• "After an abusive relationship I'm happy and ready to start again. Any advice on the next steps?"


    I am a mature woman who has been married, had children and - after 12 years - am now divorced. My ex was abusive and has now re-married. I have always enjoyed sex and never had a problem having orgasms.

    But I now realise that this had nothing to do with the men involved in my life, it’s because I’ve taken ownership of my body and sex. In the past, I used to fall under their 'spell' as I thought it was them making me feel good.

    The problem is, now I know the truth - that’s it’s me making sex feel good - where do I go from here? I am independent and happy but find when there’s a man in my life, it makes things worse not better. I would eventually like a good relationship.

    Any advice on how to make the next part of my life more successful relationship wise?


    Yes - but let’s first give you a big pat on the back for getting to the point where you feel in control of your life and your own happiness, sexual or otherwise! Well done! Not all women emerge from an abusive relationship feeling strong and I applaud you for this achievement.

    It’s not a problem that you had the sexual epiphany of realizing you are very much in control of your sex drive and orgasms. It’s a plus! You are the one who turns yourself on and know what you need to make yourself orgasm. I wish more women were like you!

    There’s a perception that men ‘give’ orgasms and women ‘take’ them, rather than create the right environment for them to happen and you’re spot on for realizing it’s all in your control. So stop worrying there’s something wrong with you for not ‘needing’ a man.

    The only real issue you need to explore properly is how to make sure your next relationship is a happy one rather than destructive to your life. This means choosing men with your head, not your heart (or other parts).

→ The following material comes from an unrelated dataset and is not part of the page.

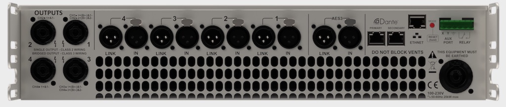 Además, utiliza Ethernet para el control remoto del sistema y la supervisión se realiza a través de la aplicación de software VU-NET de Martin Audio. Una interfaz de panel frontal facilita el control local completo de todas las funciones. También dispone de entradas de red Dante para la distribución y el control de audio digital.
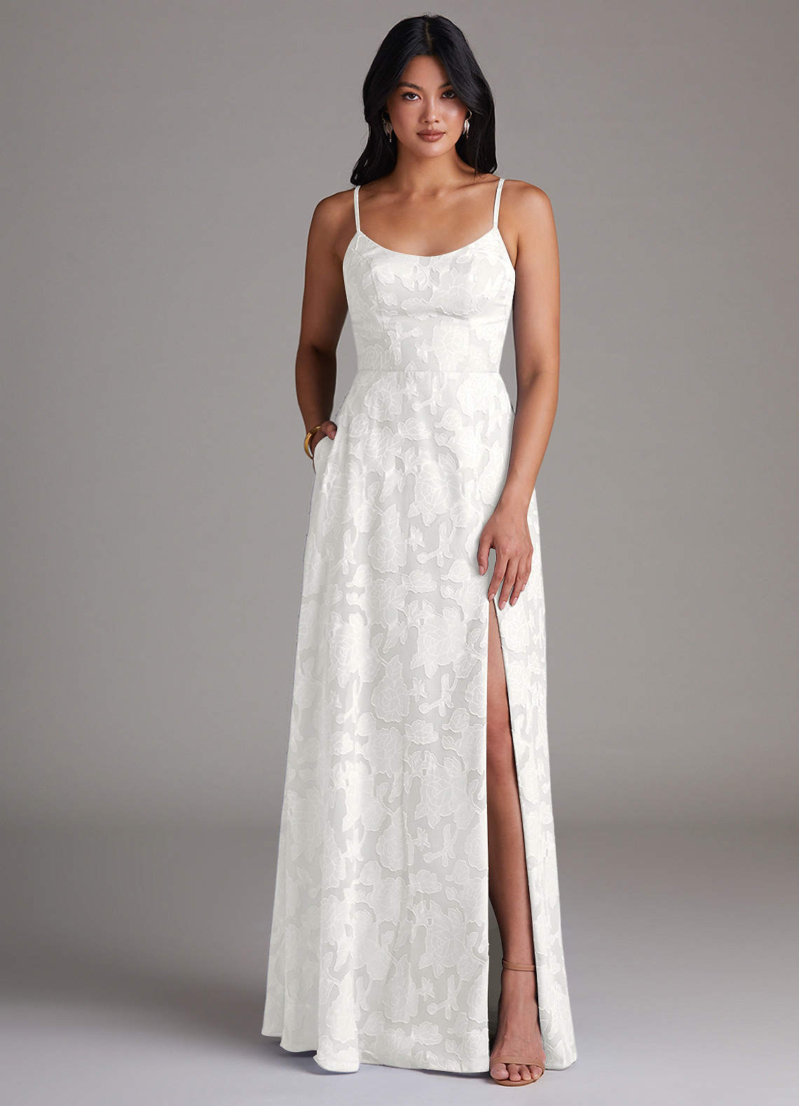 Jurk van Bloemen Burn-out met A-Lijn Zijsplit Wit

    Take it very slowly and don’t be shy about asking lots of questions. Try to meet as many friends and family of theirs as possible, quite early on. You can learn a lot about someone by their friends and family. The sort of man who is trustworthy will be loved by people around him because he treats them well.

    Introduce prospective partners to your friends too and listen to their honest opinions. Ask questions about his relationship history and be particularly cautious of men who don’t take responsibility for their part in why past relationships have gone wrong.

    If you see any - and I mean any - hint that you’ve chosen an abusive man again, end the relationship immediately and get yourself in to see a good therapist. You’ll find one at the British Association for Counselling & Therapy (bacp) and Relate.

    Unleash a sexier you

    Comments (2)

    • becks: June 07, 2010 18:29

      So glad you were able to escape your abuser ... it is such an empowering thing to do :)

      As a fellow survivor i would highly recommend the book by Lundy Bancroft called "why does he do that?" ... and patricia evans "Verbal Abuse Survivors Speak Out: On Relationship and Recovery"

      The books have helped lots of survivors i know identify abusive behaviour in potential future relationships ...

      The freedom programe is also a good resource :) http://www.freedomprogramme.co.uk/

      and the website http://www.aphroditewounded.org/sexuality.html by a survivor exploring her own sexual recovery ...

      If you ever need to talk to fellow survivors then the womens aid survivors forum is a godsend http://www.womensaid.org.uk/topics.asp?section=00010001000800210001§ionTitle=Messageboard

      the first three resources above all give warning signs, flags, to look out for in new partners ... the freedom programmes mr right and mr wrong is a very good quick checklist, the others are more in depth ...

      i am now 7 years escaped and two years ago found my partner who has proven to be amazing, full of integrity and genuineness ... sex is amazing because he is just lovely and i and he feel free ro explore ourselves and each other without recrimination, control, abuse getting in the way and taking over ...

      have hope good blokes are out there for us :)


    • Emma Garratt / *Emma*: June 07, 2010 23:58
      Firstly, as mentioned previously well done for becoming the strong, independant woman that you are today, and overcoming your past and looking to the future in a positive way

      The most important point i think when moving on from an abusive relationship is not to judge others by those in the past. Your ex husband may have not treated you correctly but please dont therefore assume that all men will be abusive. Try to trust people or you will live in fear just waiting for a reaccurance of whats happened previously. Every person is unique and although you have had bad experiences before you can still have good ones from now onwards.

      Dont look for love. Although you have stated you want to have a relationship in the future maybe take some time out to enjoy your family and friends and yourself. Love will come to you im certain. It sounds as though you are currently happy as you are so give it time.